Residence: Dallas, TX


----------



## Lawndress (Jul 9, 2020)

It is not likely to survive. Wait and see, though. It's small, at least, so you won't be out too much. Next time, don't stake the trees but do protect the bark. Tree staking weakens them.


----------



## SCGrassMan (Dec 17, 2017)

+1 to what he said. Put it in the hole straight and it's unlikely to move itself 

And yeah that tree is toast.


----------



## Cluelessone (Sep 23, 2020)

Lawndress said:


> It is not likely to survive. Wait and see, though. It's small, at least, so you won't be out too much. Next time, don't stake the trees but do protect the bark. Tree staking weakens them.


For little guys like this, 100% agree. But for some of those balled and burlapped monsters, you have to stake them as they're too top heavy. You just can't stake them too high - you want trunk movement to encourage the youngin' to toughen up.


----------



## scotts (May 30, 2021)

Thanks for the feedback.


----------



## Ngilbe36 (Jul 23, 2020)

Next the deer will come and eat all the leaves under 6 feet.

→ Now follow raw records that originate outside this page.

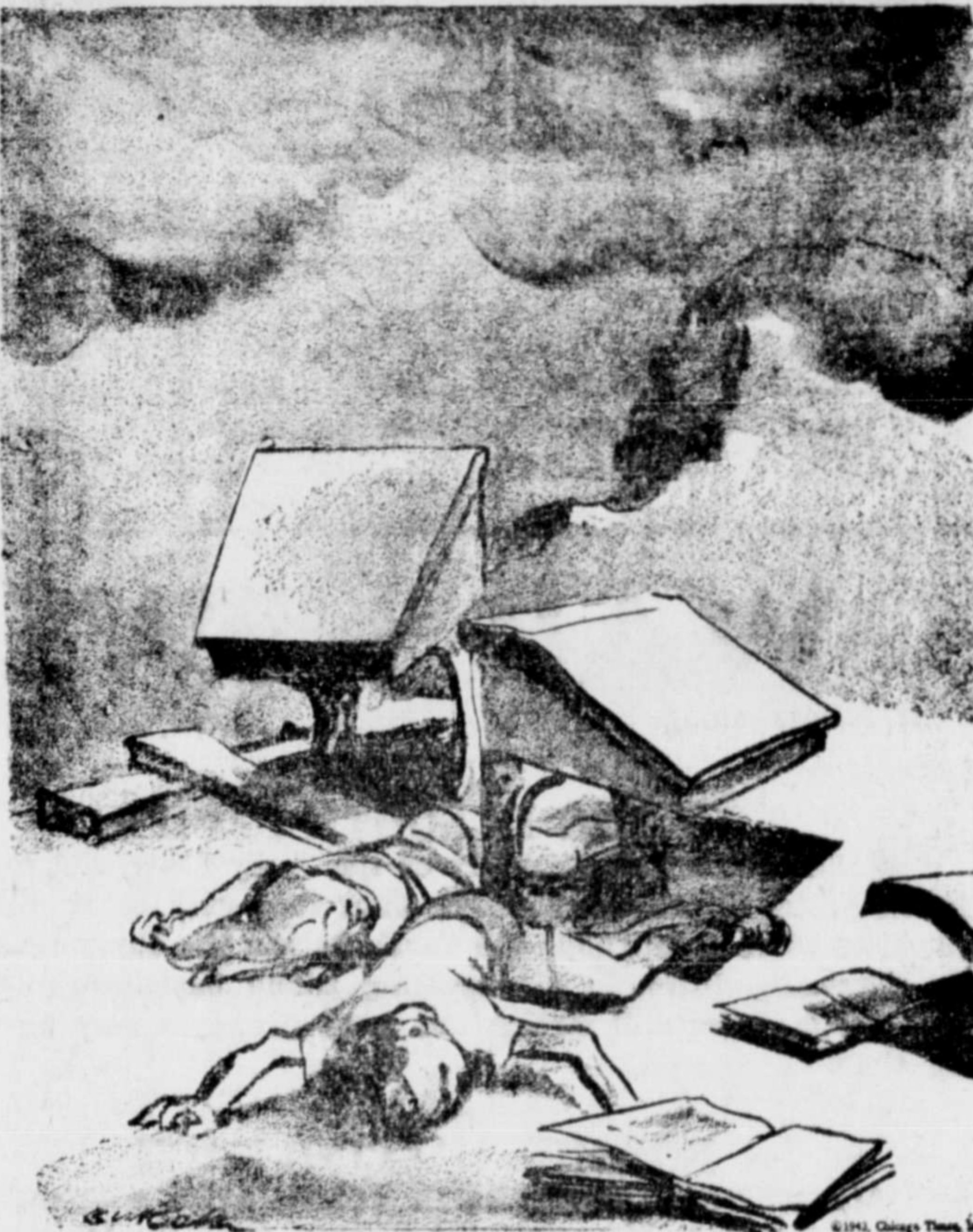
Human Suffering is greater than ever now!

pleasant. Parcels and cigarettes keep on arriving from the Red Cross in the wonted monthly quota, which conveys to us more than meets the eye. Please convey my thanks and best wishes to your staff."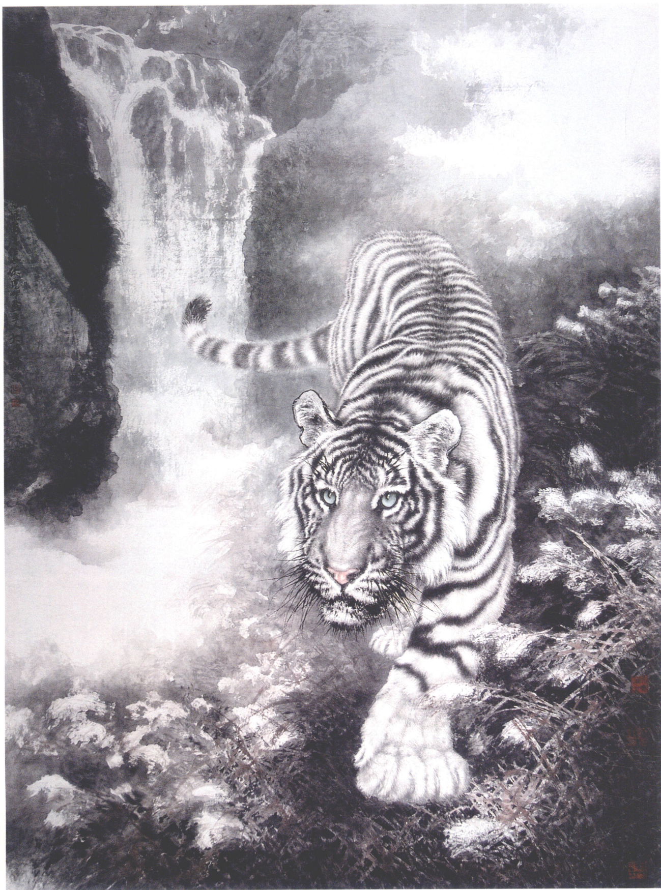
青山着意 冯大中 250 × 150cm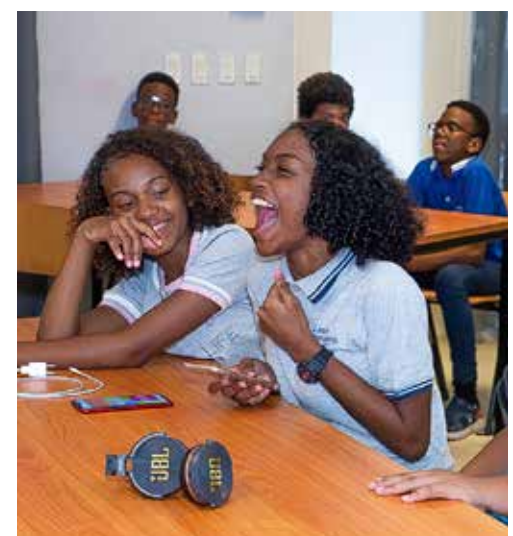
Bonaire's kids acing the BLNQ in 2019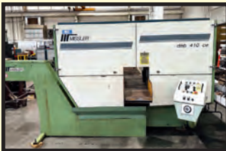
MISSLER MDL. DEB410CE AUTOMATIC HORIZONTAL BANDSAW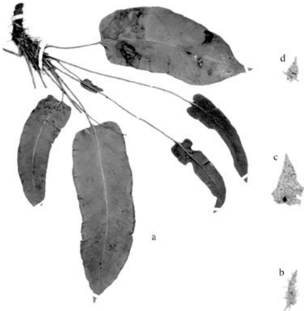
Fig. 8. Elaphoglossum paxense (J. Solomon 14954, F): a) Type specimen. b) Stipe scale. c) Costal scale. d) Blade scale. (scales b-d: 25x).

in branched (vs. not branched) rhizome, fronds 1.5-3.0 cm distant (vs. 0.5-1.5 cm), ovate (vs. elliptic) blade, with broadly cuneate (vs. attenuate) base and obtuse to rounded (vs. acuminate) apex. Also is similar to E. affine (M. Marten et Galeotti) T. Moore in its creeping rhizome and blade size, but differs in longer (2-5 vs. 2-3 mm) and linear-lanceolate (vs. ovate) rhizome scales with blackish apex (vs. blackish center); ovate to rhomboid (vs. elliptic), basically broadly cuneate (vs. cuneate) and apically obtuse to rounded (acute to obtuse) blades; and bigger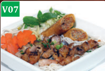
BÚN GÀ NƯỚNG, CHẢ GIÒ

That thing is probably toast. Sorry friend.

Ive found that a mesh around the trunk and spraying the leaves with a liquid fence/natural repellent works well keeping most critters out.


----------



## Lawndress (Jul 9, 2020)

Ngilbe36 said:


> Next the deer will come and eat all the leaves under 6 feet.


You mean the long-legged rats. The bushy-tailed tree rats are the ones that already got it. :mrgreen:


----------